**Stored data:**
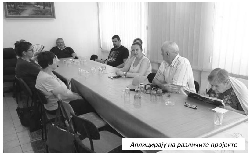
Аплицирају на различите пројекте
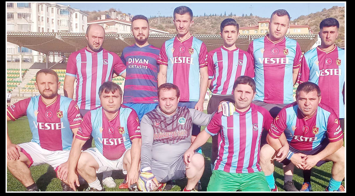
Trabzonspor, Beşiktaş'ı 6-3 mağlup etti.

Turnuvanın organizatörü Nihat Armutcu, 2.hafta maçlarının 15 Ekim Pazar günü oynanacağını açıkladı. (Hüseyin AŞKIN)
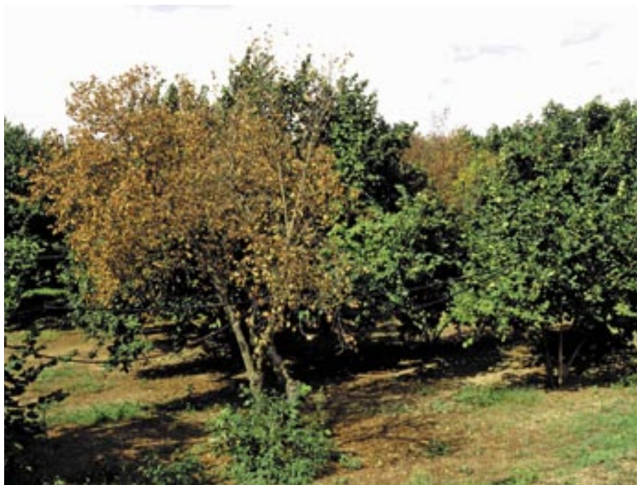
Foto 1 - Classico avvizzimento causato in piena estate da Pseudomonas avellanae su nocciolo nei Colli Cimini (VT)

Interessante anche il comportamento della Tonda Gentile delle Langhe e di Jeans, colpite in misura non superiore al 10%. Tutte le altre cultivar, comprese Tonda Gentile Romana e Nocchione, mostravano sintomi di moria su gran parte della chioma. Le analisi effettuate in laboratorio hanno confermato la presenza di P. avellanae nel campo-collezione.

**WHAT THE TASK ASKS:** What is needed here is each line above set down word for word, minus the images.

**RESULT OF THIS EXERCISE:**
Аплицирају на различите пројекте
Trabzonspor, Beşiktaş'ı 6-3 mağlup etti.

Turnuvanın organizatörü Nihat Armutcu, 2.hafta maçlarının 15 Ekim Pazar günü oynanacağını açıkladı. (Hüseyin AŞKIN)
Foto 1 - Classico avvizzimento causato in piena estate da Pseudomonas avellanae su nocciolo nei Colli Cimini (VT)

Interessante anche il comportamento della Tonda Gentile delle Langhe e di Jeans, colpite in misura non superiore al 10%. Tutte le altre cultivar, comprese Tonda Gentile Romana e Nocchione, mostravano sintomi di moria su gran parte della chioma. Le analisi effettuate in laboratorio hanno confermato la presenza di P. avellanae nel campo-collezione.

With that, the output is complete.